§ **TASK BRIEF**
Retype each entry verbatim. Do not include the images.

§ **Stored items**
[Start of Attachment]
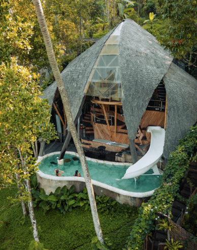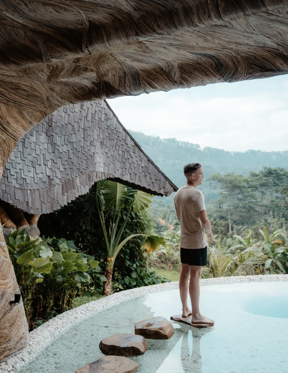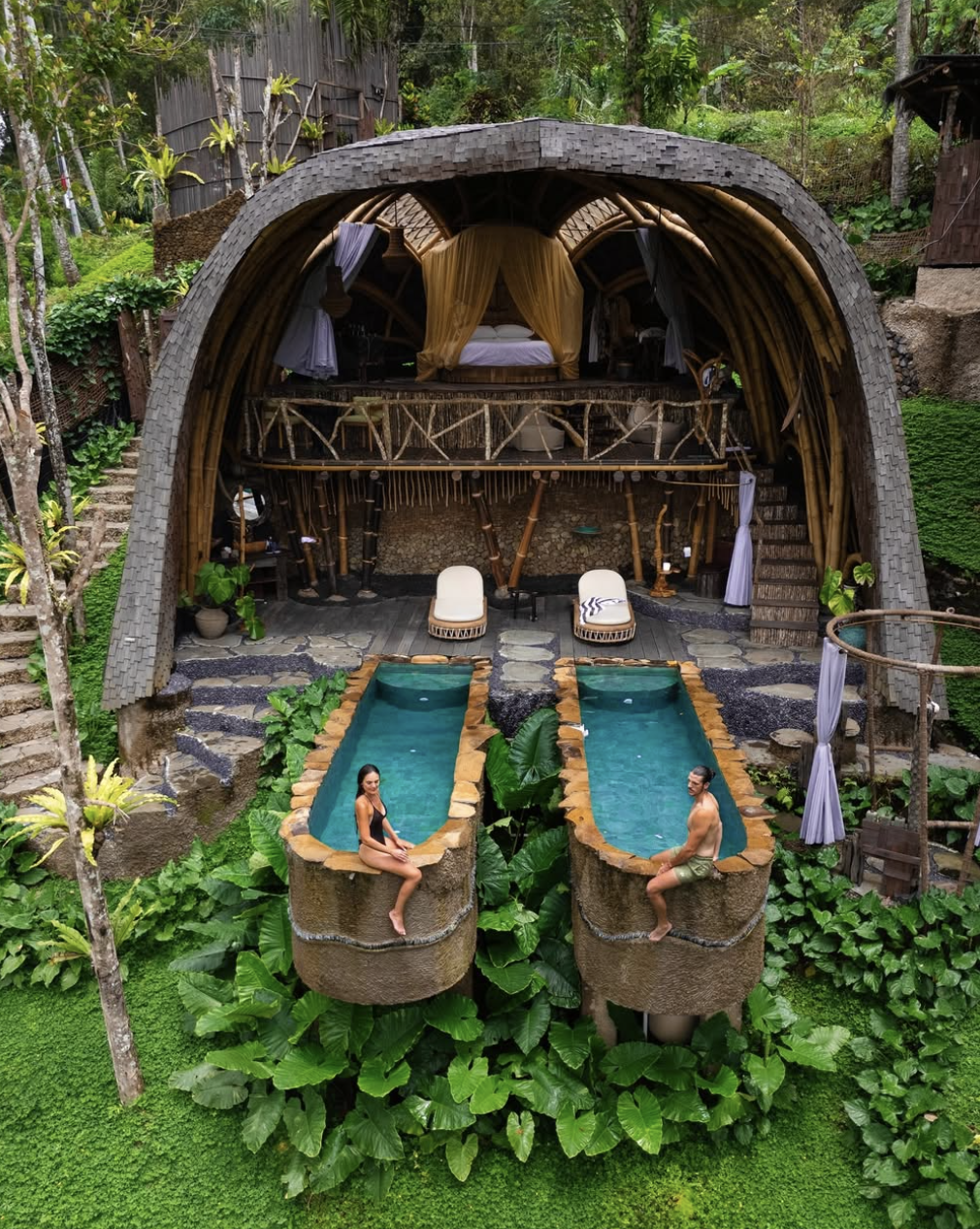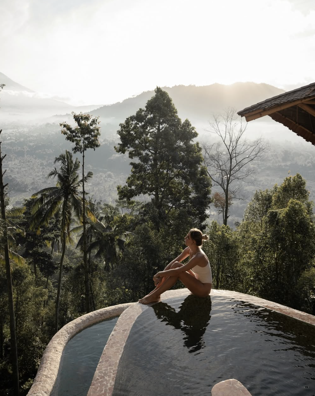 Each villa is shaped from handcrafted bamboo, designed with sustainability in mind and built to sit gently within the landscape. Interiors feel warm and organic, while the outdoor spaces open to sweeping views of Mount Agung. Most villas come with a private pool that blends into the terrain, giving the sense that it’s part of the valley itself.
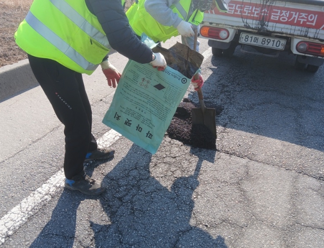 | ▲ 천안시 도로보수원들이 겨울철 폭설과 염화칼슘 영향으로 훼손된 도로 포트홀 구간에 아스콘을 충진하며 긴급 복구 작업을 진행하고 있다 |
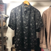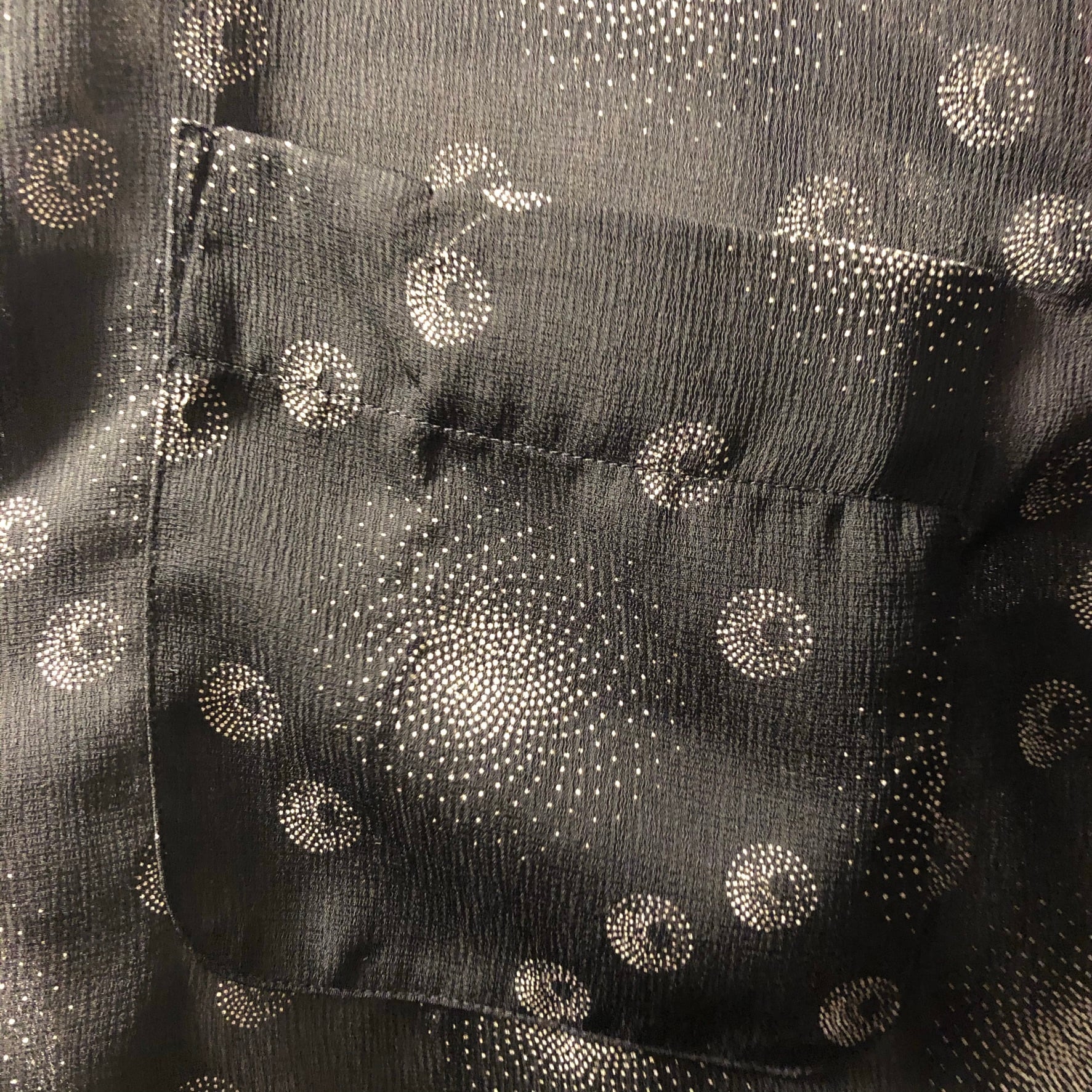 ちりめん加工の透け感のある生地。黒ベースに、白の点描によって作られた模様が独特の雰囲気を醸し出してます。
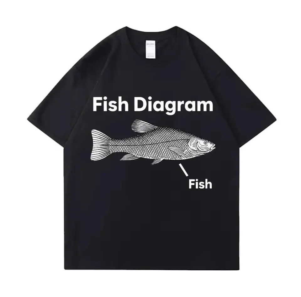 Tees Meme T Shirt Unisex Man Eat Fish Day Teach Fish Man To Lifetime Funny Casual Cotton T-shirt Men Women
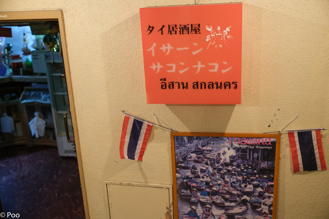 その夜、仕事仲間たちと連れ立って向かったのは、繁華街の雑踏の中にひっそりと佇むビル。その上階に、まるでタイの夜市の一角を切り取ったかのような居酒屋「イサーン サコンナコン」があるという。看板にはタイ文字が踊り、薄暗い階段を上っていくと、階下の喧騒が少しずつ遠ざかり、代わりに異国の香りが鼻をくすぐってきた。ナンプラーとレモングラス、唐辛子が入り混じった、あのタイ特有の熱を帯びた匂いだ。
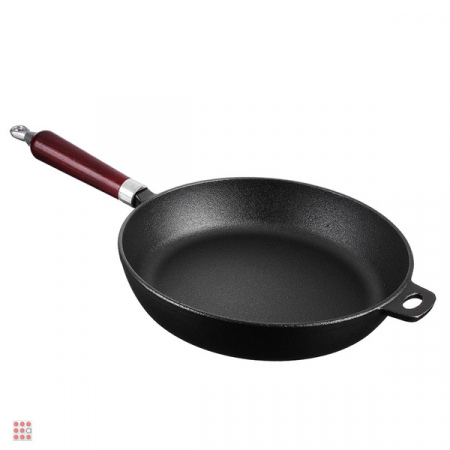 Сковорода диаметром 26 см с деревянной ручкой, подходит для использования на всех видах плит, включая индукцию.
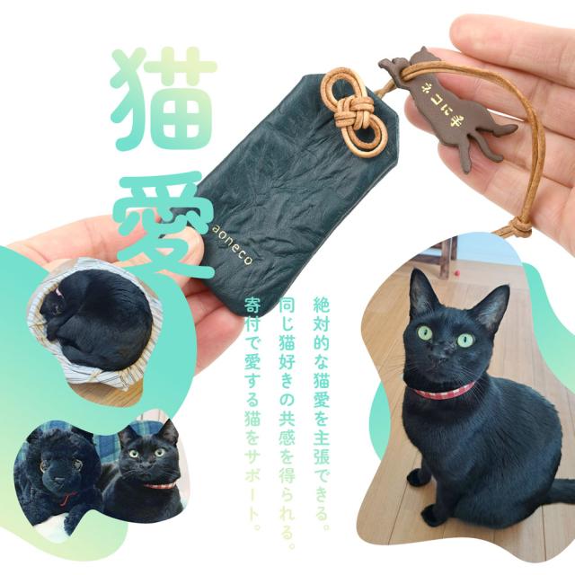 猫好きデザイナーの溢れんばかりの猫愛がカタチとなった革小物。持ってるだけでネコ好きを主張できて、ネコ好き同士の「あなたも?」を瞬間的に引き出すことができて、お買い物すると愛するネコへのチャリティー(寄付)にもなる。猫好きによる、猫好きのための、猫の小物。それが、aoneco(アオネコ)のねこ御守りなのです。
[End of Attachment]
§ **TASK RESPONSE**
 Each villa is shaped from handcrafted bamboo, designed with sustainability in mind and built to sit gently within the landscape. Interiors feel warm and organic, while the outdoor spaces open to sweeping views of Mount Agung. Most villas come with a private pool that blends into the terrain, giving the sense that it’s part of the valley itself.
 | ▲ 천안시 도로보수원들이 겨울철 폭설과 염화칼슘 영향으로 훼손된 도로 포트홀 구간에 아스콘을 충진하며 긴급 복구 작업을 진행하고 있다 |
 ちりめん加工の透け感のある生地。黒ベースに、白の点描によって作られた模様が独特の雰囲気を醸し出してます。
 Tees Meme T Shirt Unisex Man Eat Fish Day Teach Fish Man To Lifetime Funny Casual Cotton T-shirt Men Women
 その夜、仕事仲間たちと連れ立って向かったのは、繁華街の雑踏の中にひっそりと佇むビル。その上階に、まるでタイの夜市の一角を切り取ったかのような居酒屋「イサーン サコンナコン」があるという。看板にはタイ文字が踊り、薄暗い階段を上っていくと、階下の喧騒が少しずつ遠ざかり、代わりに異国の香りが鼻をくすぐってきた。ナンプラーとレモングラス、唐辛子が入り混じった、あのタイ特有の熱を帯びた匂いだ。
 Сковорода диаметром 26 см с деревянной ручкой, подходит для использования на всех видах плит, включая индукцию.
 猫好きデザイナーの溢れんばかりの猫愛がカタチとなった革小物。持ってるだけでネコ好きを主張できて、ネコ好き同士の「あなたも?」を瞬間的に引き出すことができて、お買い物すると愛するネコへのチャリティー(寄付)にもなる。猫好きによる、猫好きのための、猫の小物。それが、aoneco(アオネコ)のねこ御守りなのです。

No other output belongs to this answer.